Use shared AI sessions or transcripts. When one engineer has done a refactoring pass with AI, sharing the transcript helps teammates understand what was done and why.

Write migration notes. Document the refactoring approach in the repo. Future contributors (and future you) will want to understand why things were done a particular way.

Communicate scope carefully. When you say "I'm refactoring the user service," teammates need to know whether you mean "reorganising internals" or "changing the public interface." Scope confusion is a classic cause of merge conflicts and broken expectations.

Coordinate deployment carefully. If the refactoring touches production behaviour, coordinate with operations about deployment windows, rollback plans, and monitoring.

When not to refactor

Some legacy code should be left alone. AI makes refactoring easier, but that does not mean every legacy module should be refactored.

If the code is stable and rarely changes, refactoring offers little upside and introduces risk. "If it ain't broke" remains sound advice.

If the code is about to be deprecated or replaced, don't refactor. Effort on code that will soon be deleted is wasted.

If the team lacks the expertise to maintain the refactored version, refactoring is counterproductive. Code that is clean but poorly understood is worse than code that is messy but familiar.

If production risk is high and test coverage is low, refactoring carries unacceptable risk. Build test coverage first, then refactor, not the other way around.

If you do not have the mandate to refactor, don't. Large refactorings without organisational support tend to be abandoned mid-way, leaving the code worse than before.

Working with truly ancient code

Some legacy code is not just old but alien — written in older language versions, using now-deprecated frameworks, with styles that have fallen out of fashion. AI can help here too, but with additional care.

AI is usually well-trained on older language and framework versions. It can read COBOL, old PHP, legacy ActionScript, vintage Java. Ask for explanations rather than changes first; understand what you have before touching it.

For migrations from dead technologies to modern ones, the AI's knowledge of current alternatives is usually strong. "Translate this ColdFusion to modern Node.js" is a tractable task.

Watch for outdated security patterns. Legacy code often uses patterns that were acceptable when written but are now known risks (MD5 for passwords, raw SQL concatenation, unescaped output). AI usually flags these if you ask; always ask.

Respect the original intent.

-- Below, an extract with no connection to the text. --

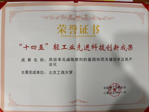 我校兩項(xiàng)科技成果入選“十四五”輕工業(yè)先進(jìn)科技創(chuàng)新成果目錄。其中,"高效率無鹵阻燃劑的基團(tuán)協(xié)同關(guān)鍵技術(shù)及其產(chǎn)業(yè)化"項(xiàng)目提出了阻燃基團(tuán)協(xié)同效應(yīng)理論并指導(dǎo)實(shí)現(xiàn)了四種雙基阻燃分子的高效率合成制備,并實(shí)現(xiàn)了工業(yè)化生產(chǎn),累計(jì)實(shí)現(xiàn)產(chǎn)值11億元以上。"傳統(tǒng)釀造白酒風(fēng)味物質(zhì)穩(wěn)定合成的功能菌群組裝發(fā)酵技術(shù)及應(yīng)用"項(xiàng)目繪制了白酒酯類物質(zhì)風(fēng)味輪,發(fā)現(xiàn)48種對白酒風(fēng)味具有貢獻(xiàn)酯類物質(zhì),通過功能微生物菌種組裝實(shí)現(xiàn)了核心風(fēng)味物質(zhì)的穩(wěn)定發(fā)酵。

Old code was usually written for reasons that made sense at the time. Refactoring should preserve the original behaviour unless there is specific justification for changing it.

When the AI proposes a rewrite instead of a refactor

A specific trap worth noting. When you ask the AI to refactor a module, it sometimes decides a full rewrite would be better and produces one. This is usually wrong, for a predictable reason: rewrites have much higher risk profiles than refactors, and the AI does not always weigh risk.

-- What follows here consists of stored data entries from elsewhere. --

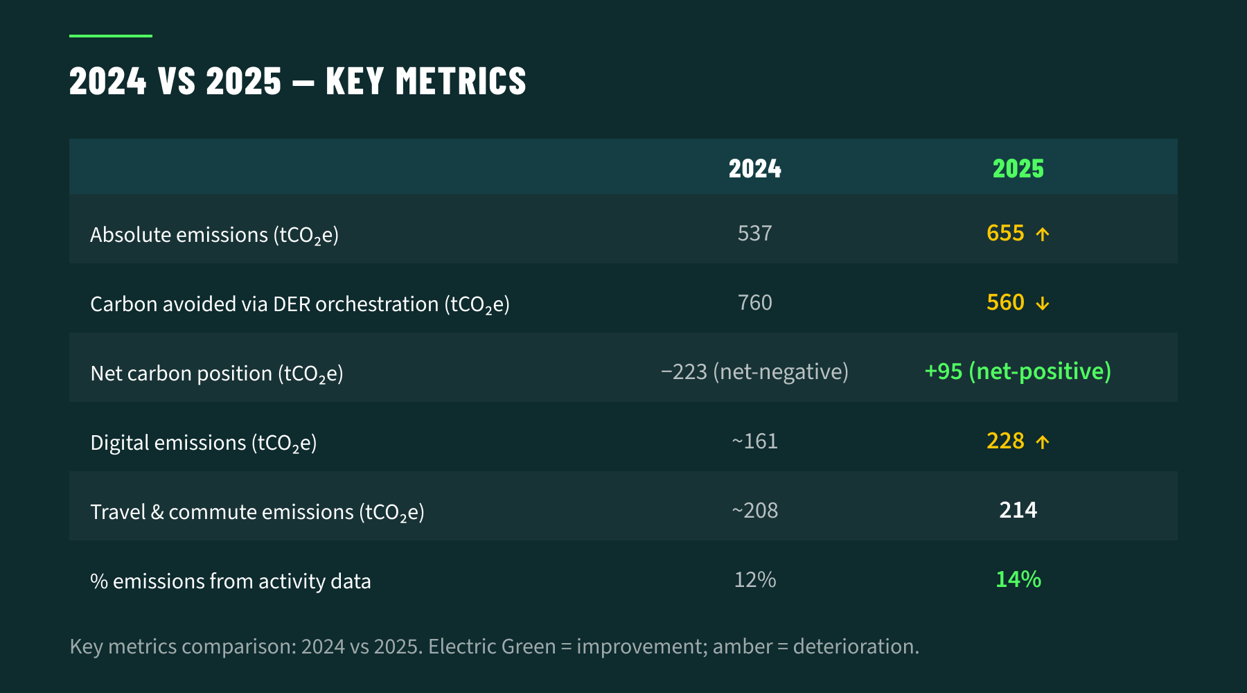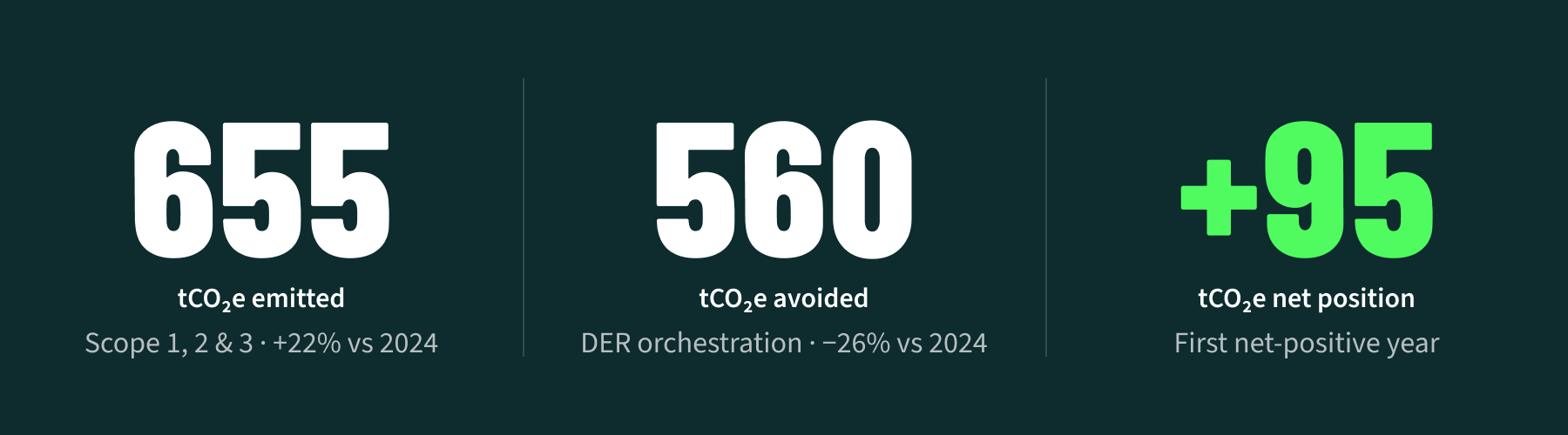 Net-negative is our baseline, not a bonus. We built this company to avoid carbon, not just measure it. DER orchestration, done right, means cheaper rates for everyone and a cleaner grid. We will return to a net-negative status, and we will be transparent about our progress every step of the way.
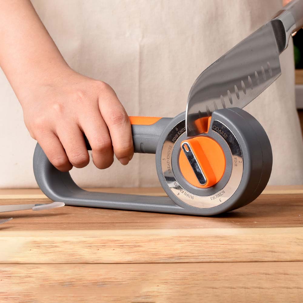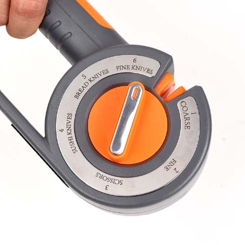 Easy-to-use 6-in-1 sharpener rescues dull blades – saving you money and making food prep faster, and easier. The dial adjusts to a variety of blades (incl. bread knives and scissors), for the perfect sharpening angle.
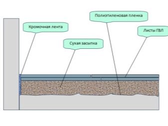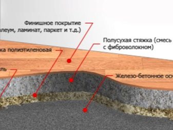 Невъзможно е да се сравни полусуха замазка със суха. Сухата версия изпълнява напълно различни функции. Полага се преди всичко за затопляне или повдигане на пода. Насипният материал, положен между фаровете или лаговете, е покрит с листове от гипсови влакна в два слоя. Шевовете са залепени, за да се предотврати навлизането на прах отвън, който присъства в свободно течащия пълнител. Довършителният под ще бъде толкова плосък, колкото позволява покривните листове.
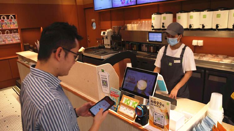今天上午10:00,北上出差的香港市民吴先生到达领展中心城,表示自己早上9:00刚领到数字人民币红包,正好趁着来福田出差的机会尝一下数字人民币的“头啖汤”。吴先生表示数字人民币红包使用过程十分便捷,在点好商品后,向商家出示数字人民币付款码即可完成支付,整个体验过程非常好。
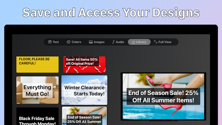 One of the standout features of Screen Canvas is its flexibility in customization. Users can choose from a wide range of preset colors or access custom color options, making it easy to match your brand’s identity. The app also includes a library of high-quality images, perfect for creating displays that grab attention. For businesses looking to elevate their signage even further, Screen Canvas also supports dynamic audio integration, offering a variety of soundtracks that can be incorporated into your designs.

Refactoring preserves behaviour. Rewriting changes behaviour (at minimum, it changes what bugs exist). Refactoring can be validated incrementally against tests. Rewriting often requires all-or-nothing validation.

When the AI heads toward rewrite territory, stop and redirect. "I asked for a refactor that preserves behaviour. Propose a path that keeps the current behaviour but improves the code's structure incrementally." This usually produces a better answer.

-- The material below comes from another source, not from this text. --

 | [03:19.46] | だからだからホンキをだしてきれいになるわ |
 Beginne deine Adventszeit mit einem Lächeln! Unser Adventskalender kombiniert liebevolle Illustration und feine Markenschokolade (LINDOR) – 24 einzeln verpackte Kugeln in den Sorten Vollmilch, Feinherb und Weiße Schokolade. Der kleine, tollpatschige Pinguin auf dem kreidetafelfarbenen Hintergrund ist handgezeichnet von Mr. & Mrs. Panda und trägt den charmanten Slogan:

If you genuinely want a rewrite, treat it as a separate project with its own test discipline and rollout plan. Do not let it slip in disguised as a refactor.

Common anti-patterns in AI-assisted refactoring

Failure modes to avoid.

The big-bang refactor. Months of work released in one huge PR. Usually gets merged reluctantly because it is too large to review, or rejected because it is too risky. Small increments, always.

Skipping tests. "The AI says it's safe" is not a test strategy. Characterisation tests first, every time.

Fixing unrelated things. While refactoring module X, AI will "helpfully" clean up module Y. Reject these drifts; scope the change.

Trusting the AI's claim of equivalence. AI may say "this refactoring preserves behaviour" when it does not. Verify with tests; don't trust.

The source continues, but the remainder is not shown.